Our phone chat #3 – Lisa’s Story

Maria: Hi Lisa, thank you for asking to take part in this year’s community project. You wanted to talk about the events that your son, Jordan, couldn’t remember in his epilepsy story. Events that took you on a roller coaster ride of emotions and so I thank you for sharing your thoughts. I know that, as a parent, supporting our children through epilepsy can be a difficult journey in itself. Please take your time in telling us your story.

Lisa: I will never forget the day I witnessed my son having a tonic clonic seizure at my home. It was the scariest thing that I have ever witnessed and, what I saw, will live with me forever. This was his second seizure in his life and he was put into an induced coma for two days and I imagined the worst, as any parent would. But what was worse for Jordan, was the blunt message said to him by the doctor at the time, “You can’t drive. You can’t work. You have a high risk of dying.” The doctor then walked out of the room. My heart dropped and I felt so sad believing that my son would never be the typical 20-year-old lad out enjoying life and having fun.

Jordan was prescribed epilim, but it made him so tired that he stopped taking it after a while and he started to spiral out of control emotionally.

Over a year later, Jordan was involved in a car accident on his way to work. He drove through a large round-about whilst having a tonic clonic seizure and he was still recovering from it when the police arrived. They believed that he was drunk and so they roughly tackled him to the ground and handcuffed him. Unfortunately, he became quite aggressive and the police saw this as resisting arrest, but once the police realised that he was indeed recovering from a seizure, they took him up to the hospital to be treated.

Maria: Oh dear! If you restrain any person who is confused after a seizure, they may respond aggressively. Unfortunately, many people living with epilepsy can be mistaken for being drunk whilst having seizures which doesn’t help their situation at all.

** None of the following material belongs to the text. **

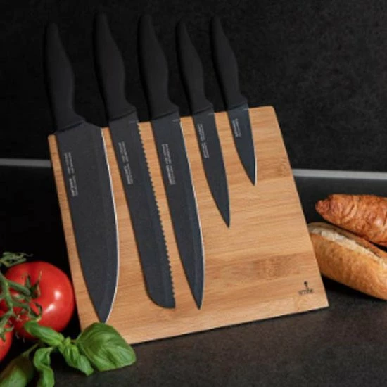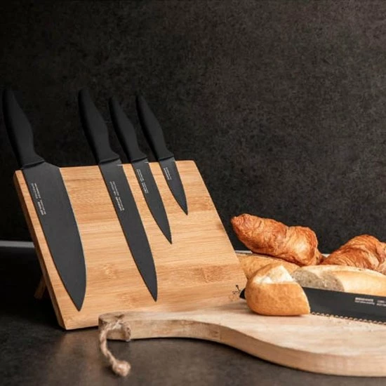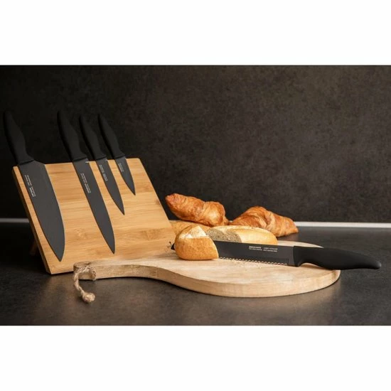 Dit prachtige messenblok is ideaal voor in uw keuken. Doordat alle messen keurig opgeborgen worden op het magnetische bamboe blok, kent het niet alleen een modern design, het is ook super functioneel. De geprofileerde messen zijn gemaakt van hoogwaardig roestvrijstaal.
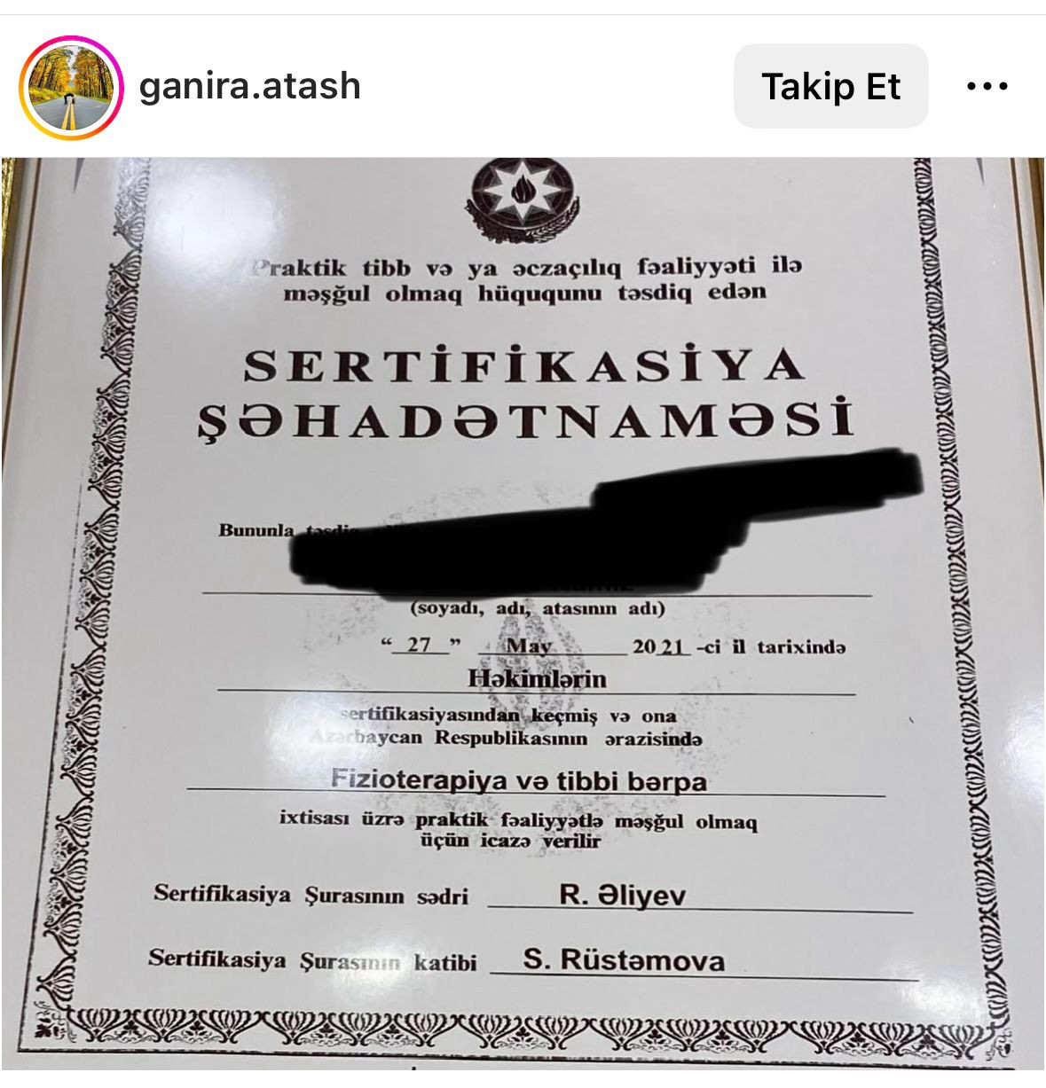 Qənirə Ataşovanın yayımladığı xəbərdə vurğulanırdı ki, Azərbaycanın axsaq səhiyyə sisteminin diqqətinə! Bu sənədin sahibi Azərbaycan Səhiyyə Nazirliyindən həkim-fizioterapevt kimi sertifikat alıb. O, digər tibb universiteti məzunları kimi tam ixtisaslı həkim sertifikatını necə əldə edib? Gəlin, onun təhsil yoluna nəzər salaq:

Lisa: Agreed. Jordan was angry at that time and he got angrier from taking leviteracetam once he was officially diagnosed with epilepsy. Boy, his life really did spin out of control from then on. I was aware that he was going down the wrong path in life but I couldn’t stop him. Every time the phone went late at night, my heart would drop because I imagined that it was the police phoning to tell me that Jordan was either dead or injured. He was having lots of seizures and he always ended up in hospital. I started living in amber alert. I was in fear of what could happen to him.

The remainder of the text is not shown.